Alih-alih merujuk pada putusan PK, kubu KLB justru berpegang pada Putusan Pengadilan Tinggi Tata Usaha Negara (PT TUN) Jakarta Nomor 66/B/TF/2026/PT.TUN.JKT tertanggal 4 Mei 2026. Dalam perkara itu, kubu KLB memenangkan gugatan tindakan faktual terhadap Kementerian Hukum terkait penerimaan dan pendaftaran SK AHU milik kubu Unifah Rosyidi yang terbit pada 8 Maret 2024.
Menurut keterangan pers, pendaftaran SK AHU 8 Maret 2024 dilakukan saat telah ada SK AHU lain yang lebih dahulu terdaftar atas badan hukum yang sama, yakni SK AHU tertanggal 13 November 2023 milik kubu KLB. Kubu KLB menilai tindakan penerbitan SK itu dilakukan ketika sengketa internal PB PGRI masih berlangsung, sehingga dianggap bertentangan dengan Undang-Undang Nomor 17 Tahun 2013 tentang Organisasi Kemasyarakatan.
Atas dasar putusan PT TUN Jakarta, PB PGRI kubu KLB menyatakan bahwa satu-satunya SK AHU yang masih sah saat ini adalah SK AHU tertanggal 13 November 2023 milik kubu Teguh Sumarno. “Dengan dijatuhkannya Putusan Pengadilan Tinggi TUN Jakarta Nomor 66/B/TF/2026/PT.TUN.JKT tanggal 4 Mei 2026 yang memenangkan kubu KLB, maka terhitung sejak keluarnya putusan tersebut seluruh legalitas kepengurusan PB PGRI secara sah berada pada kubu KLB sampai adanya putusan hukum tetap yang membatalkannya,” tulis PB PGRI dalam siaran persnya.

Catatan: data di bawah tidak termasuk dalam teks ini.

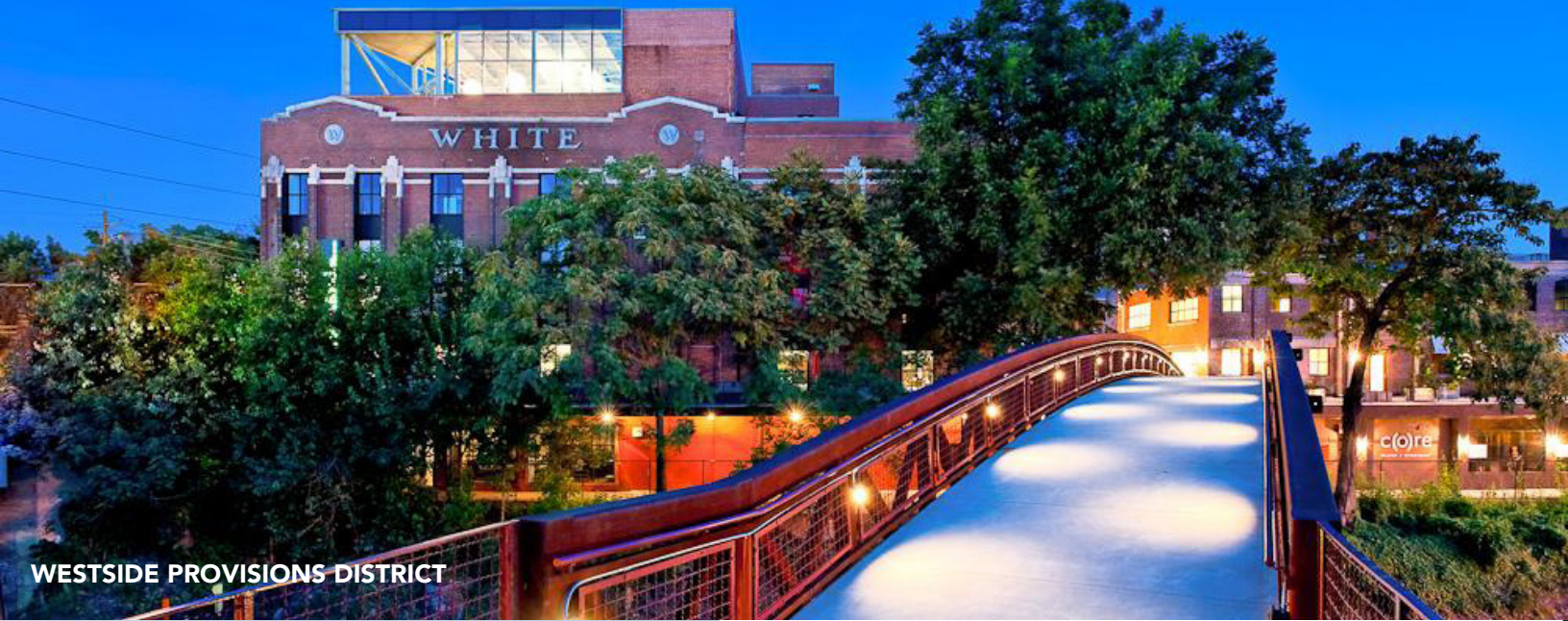
WESTSIDE PROVISIONS DISTRICT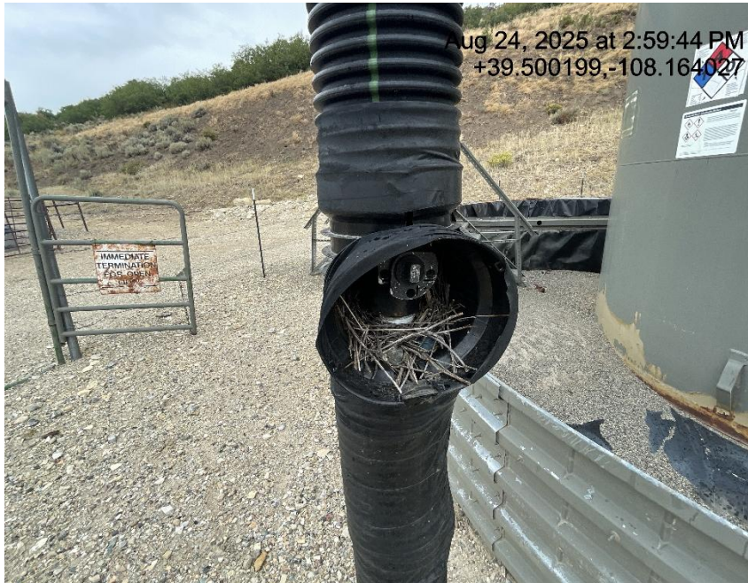
Photo # 3382 Flowline heating insulation open ended/ wildlife hazard – additionally there appears to be a possible nest inside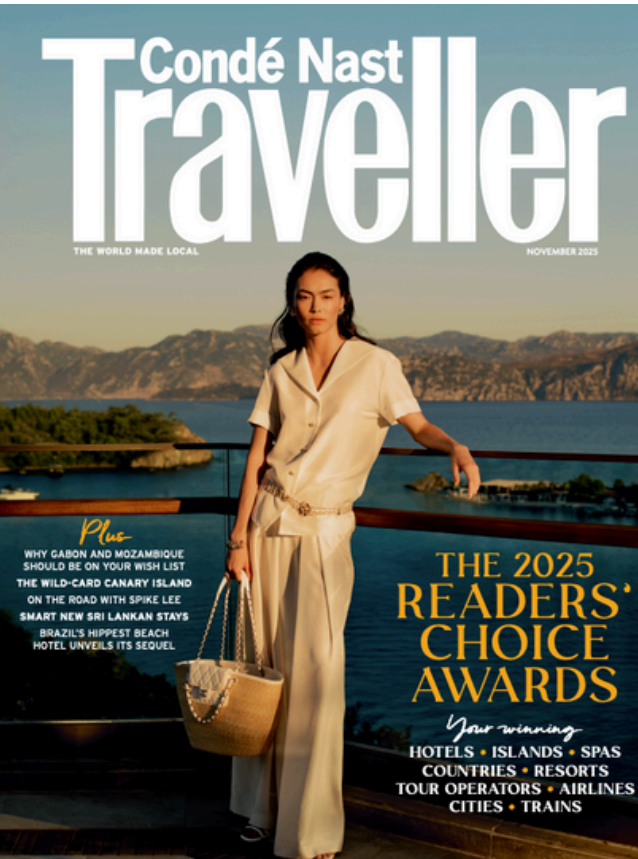
Condé Nast Traveller November 2025

A selection of press coverage from 2025 on Gorongosa National Park and Gorongosa Safaris. More to be added as it goes live.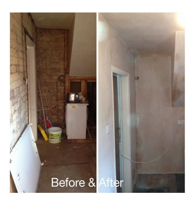
Figure 3.2.2 above shows before and after plastering.

The vertical junction of structural columns / walls & brick walls will be handled by securing 200mm wide mesh to the vertical wall joint using wire nails / concrete nails and aligning the mesh. Joints between walls and beams will be made up to a maximum of 20mm and sealed with a flexible filler that is fire rated for 30 minutes. (Material descriptions will be submitted to the Engineer for approval). Internal plastering will be applied to concrete columns, beams, and walls that are aligned with brick walls, and other concrete surfaces will be coated with cement base simple plaster. (Material descriptions will be submitted for the Engineer's approval.)

PB PGRI kubu KLB berharap klarifikasi ini memberikan pemahaman utuh kepada masyarakat, khususnya para guru dan anggota PGRI di seluruh Indonesia. Langkah ini juga diharapkan menjaga kondusivitas di tengah polemik kepengurusan organisasi profesi guru terbesar di Tanah Air.